Benjamin Lackner (p), Mathias Eick (tr, voc), Jérôme Regard (b), Manu Katché (dm)

Label / Distribution : ECM

Le temps et l’espace sont comme happés par ce quartet qui engendre une approche contemporaine avec une musique qu’il faut écouter maintes fois pour en saisir les subtilités.

Benjamin Lackner réalise une œuvre où le dépouillement est mûrement réfléchi. S’agissant de son premier disque pour le label de Manfred Eicher, on pourrait s’attendre à ce qu’il s’inscrive dans une ligne esthétique prévisible, propre aux réalisations d’ECM. Ce n’est pas le cas : une mouvance féline s’installe d’emblée dans le quartet.
Ce pianiste très mélodieux a bénéficié de l’enseignement de Charlie Haden avant de voler de ses propres ailes.
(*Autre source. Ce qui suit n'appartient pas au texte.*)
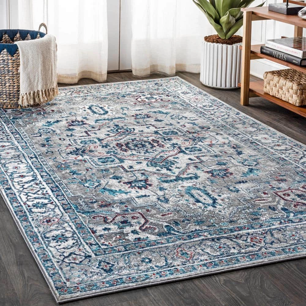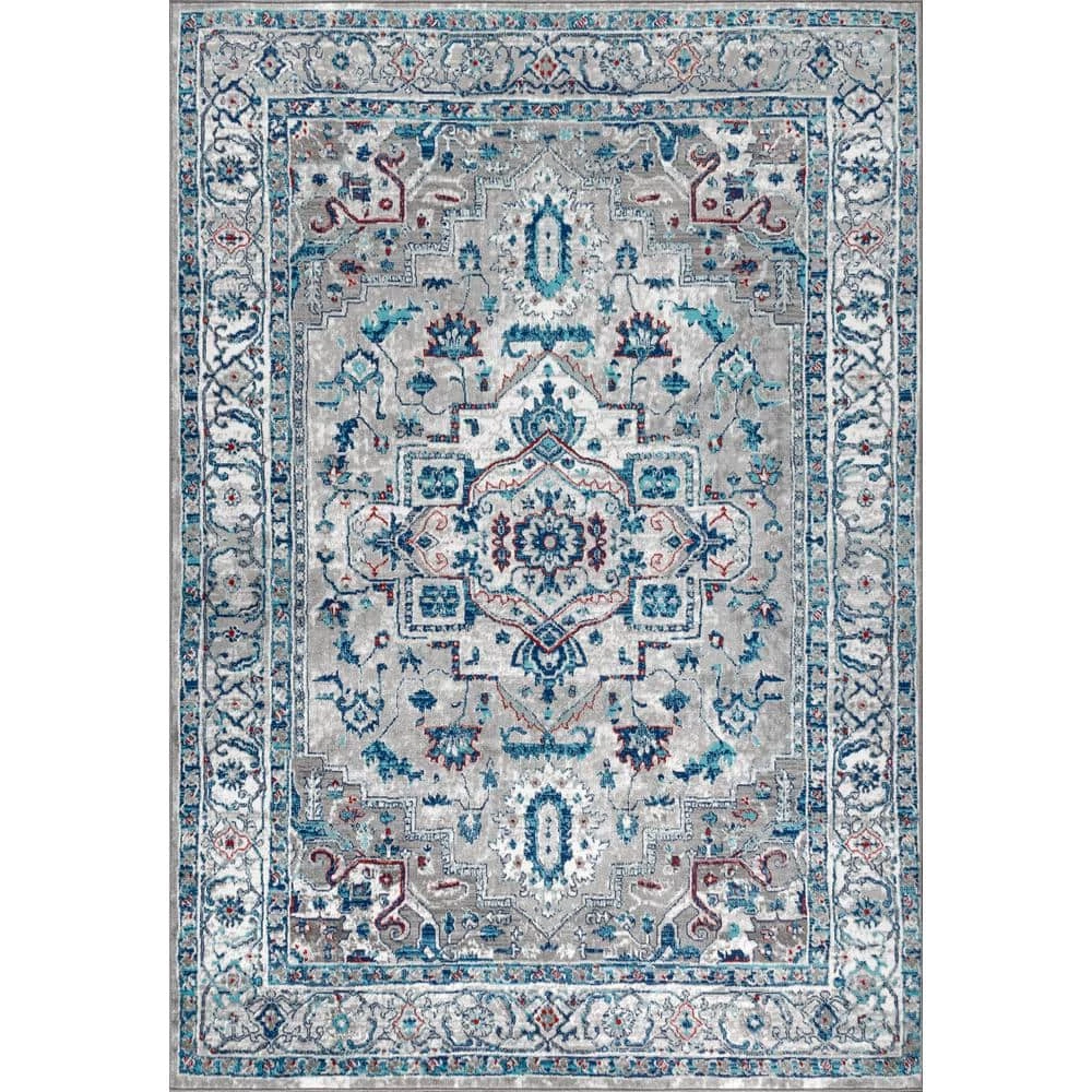 - Neutral gray is enlivened with accents of turquoise and plum in this traditional area rug

Son jeu pianistique évite les clichés ; il a d’emblée saisi l’intérêt de laisser respirer sa musique. Il est assez rare qu’un pianiste leader laisse autant de place à ses partenaires. Mathias Eick devient alors la voix soliste évidente. Il n’y a guère de comparaison possible avec l’album qu’il a récemment enregistré sous son nom, « When We Leave », où il y avait une linéarité dans le son de sa trompette. Ici apparaissent des aspérités bienvenues et son lyrisme s’affirme avec un timbre chaleureux. Manu Katché est surprenant : il donne la réplique avec des figures rythmiques appropriées et ne surjoue jamais. Son adaptation aux climats qui se succèdent est parfaite, la grosse caisse ponctuant le tempo de manière énergique. Mais c’est avec son jeu aux balais qu’il nous convainc le plus, audacieux et fin à la fois.
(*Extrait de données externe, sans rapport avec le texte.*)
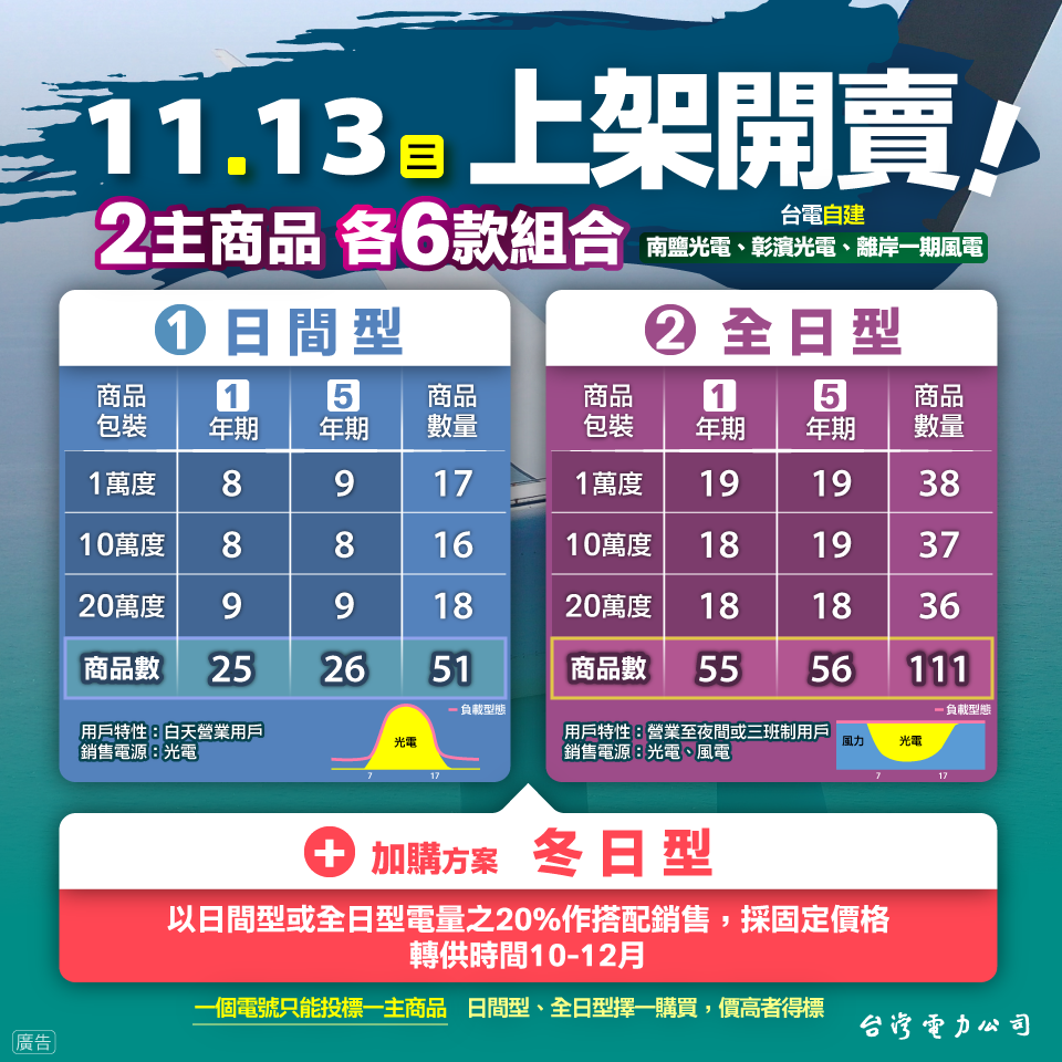 台電表示,去(112)年首度以南鹽光電與彰濱光電等自建光電案場所發綠電為標的,開賣小額綠電。今年擴大銷售範圍,納入台電自建離岸一期風電。由於風電加入銷售陣容,台電考量風、光綠電的發電特性,並針對不同用戶的用電時段差異,再搭配不同年期,設計出2種主商品、各6款組合。

Le pivot est sans aucun doute Jérôme Regard : sa maturité artistique en fait un soliste puissant. Il vit pleinement la musique depuis son enfance, passée dans un superbe paysage jurassien et où son père Daniel, excellent guitariste, l’a bercé de notes. Le morceau qu’il a composé et qu’il interprète seul à la contrebasse, « Émile », est enthousiasmant. L’entente entre Jérôme Regard et Benjamin Lackner n’est pas anodine puisqu’elle remonte à 2006 ; leurs interactions se ressentent en particulier dans « Hung Up On That Ghost », « Remember This », et surtout dans « Camino Cielo » composition qui une fois entendue ne nous quitte plus, et pour cause : c’est une merveille !

Last Decade s’affirme de manière admirable comme une des pierres angulaires de 2023.